>>>
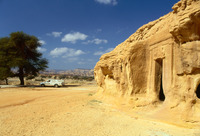 Saudi Arabia. Mada'in Saleh, Qasr al-Bint, tomb on south end
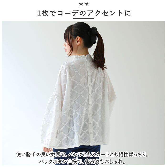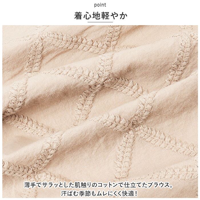 ・薄手でサラッとした肌触りのコットンで仕立てたブラウス。汗ばむ季節もムレにくく快適!
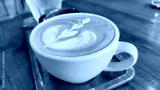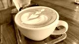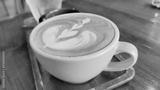 A close-up shot of a beautifully crafted latte art in a yellow cup. It rests on a wooden tray
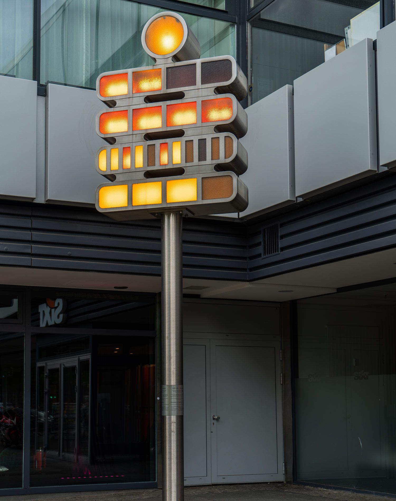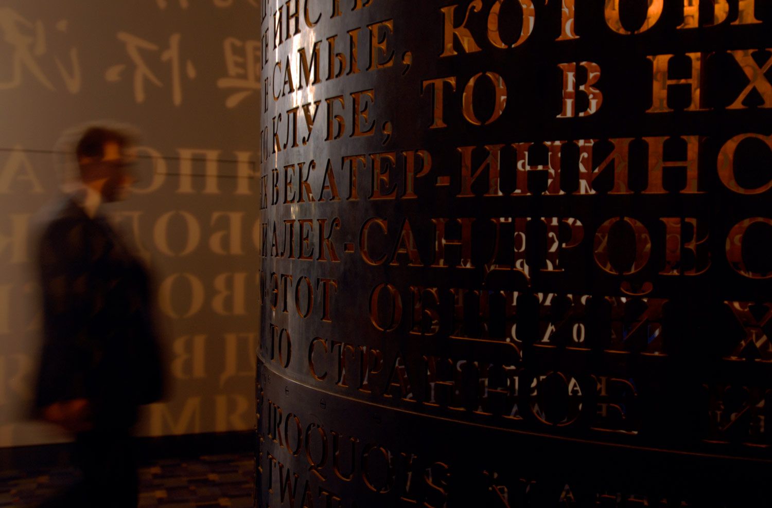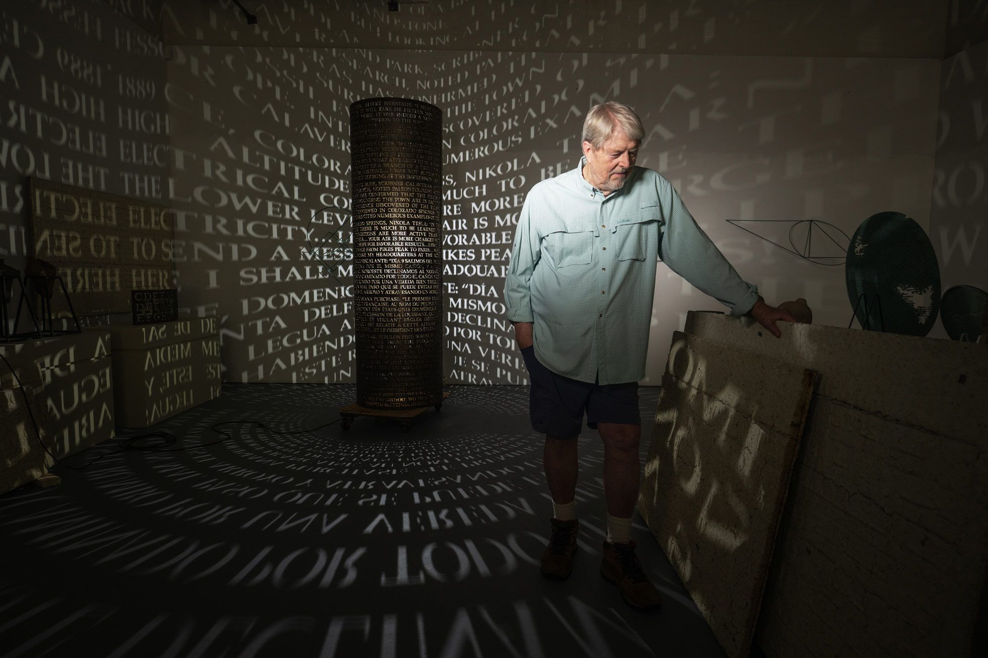 Сэнборн усовершенствовал серию бронзовых цилиндров, украшенных перфорированными буквами, которые проецируются в окружающее пространство благодаря источнику света в центре. По сути, это близнецы «Криптос», свернутые в вертикальные буррито. Эти цилиндры стали узнаваемыми. Единственная проблема заключалась в том, что в студенческих кампусах, где они стояли, их часто заполняли пустыми пивными банками. «Все тексты на них связаны с историей», — говорит Сэнборн. «Что-то из них фактическое, что-то — вымышленное. То есть я и сам иногда выдумываю».
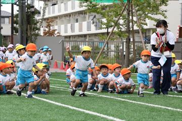 〇 運動会、入場も初めてだった年少組のお友達から、鮮やかな緑色と白線ラインが引かれた人工芝の大きな校庭に入場し、年中組、年長組のお友達みんなで、当園で日課のラジオ体操を行いました。コロナ禍で身体を動かす機会が制約される中…
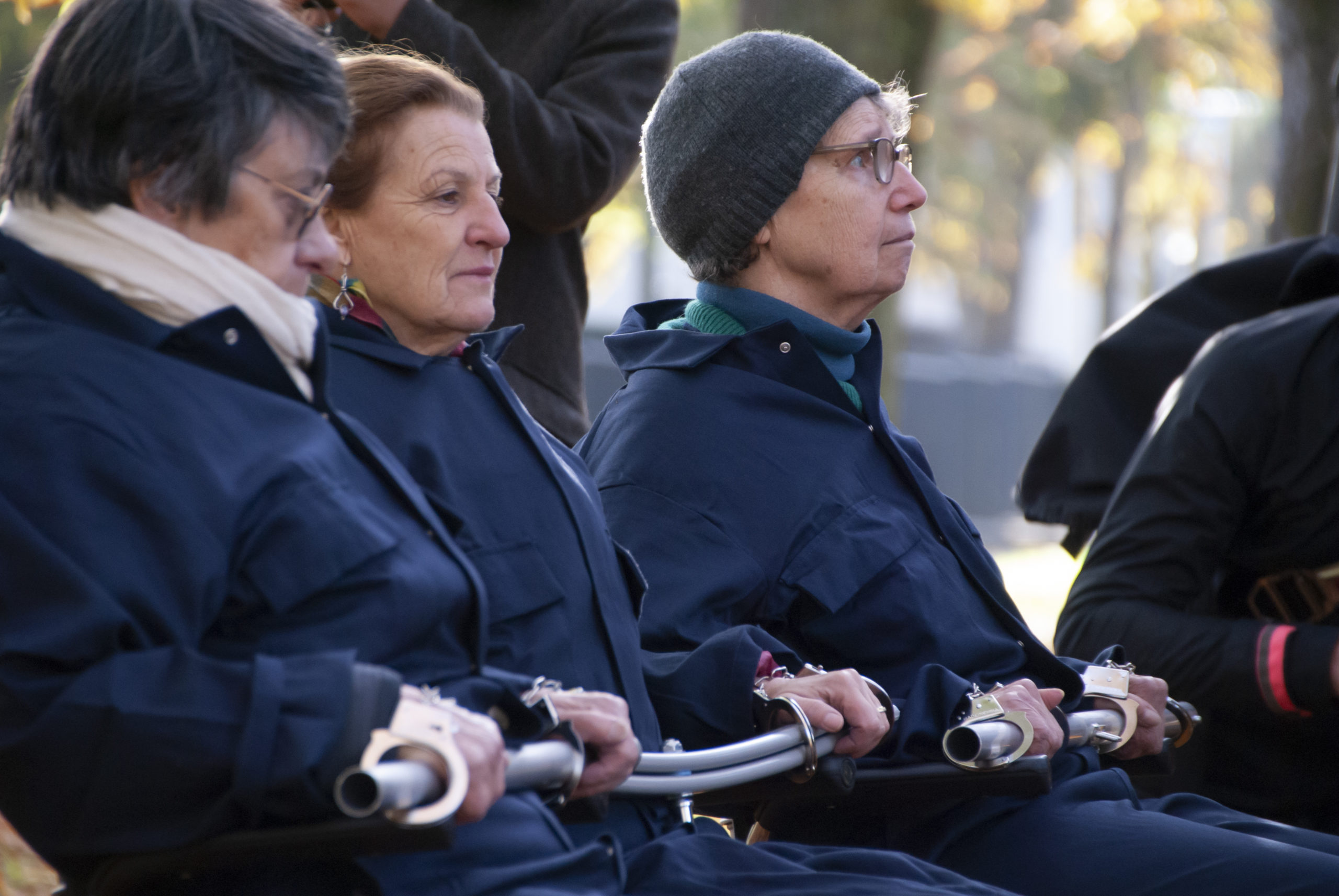 Vêtus de combinaisons bleues (en référence aux tenues des prisonniers dans les camps d’internement), trois militants ont été menottés sur une chaise et trois autres couchés dans une cage devant des reproductions de grande taille de deux dessins illustrant ces tortures et mauvais traitements.
<<<
Work instructions: An exact copy of the material is required, minus the pictures.

Exercise response:
 Saudi Arabia. Mada'in Saleh, Qasr al-Bint, tomb on south end
 ・薄手でサラッとした肌触りのコットンで仕立てたブラウス。汗ばむ季節もムレにくく快適!
 A close-up shot of a beautifully crafted latte art in a yellow cup. It rests on a wooden tray
 Сэнборн усовершенствовал серию бронзовых цилиндров, украшенных перфорированными буквами, которые проецируются в окружающее пространство благодаря источнику света в центре. По сути, это близнецы «Криптос», свернутые в вертикальные буррито. Эти цилиндры стали узнаваемыми. Единственная проблема заключалась в том, что в студенческих кампусах, где они стояли, их часто заполняли пустыми пивными банками. «Все тексты на них связаны с историей», — говорит Сэнборн. «Что-то из них фактическое, что-то — вымышленное. То есть я и сам иногда выдумываю».
 〇 運動会、入場も初めてだった年少組のお友達から、鮮やかな緑色と白線ラインが引かれた人工芝の大きな校庭に入場し、年中組、年長組のお友達みんなで、当園で日課のラジオ体操を行いました。コロナ禍で身体を動かす機会が制約される中…
 Vêtus de combinaisons bleues (en référence aux tenues des prisonniers dans les camps d’internement), trois militants ont été menottés sur une chaise et trois autres couchés dans une cage devant des reproductions de grande taille de deux dessins illustrant ces tortures et mauvais traitements.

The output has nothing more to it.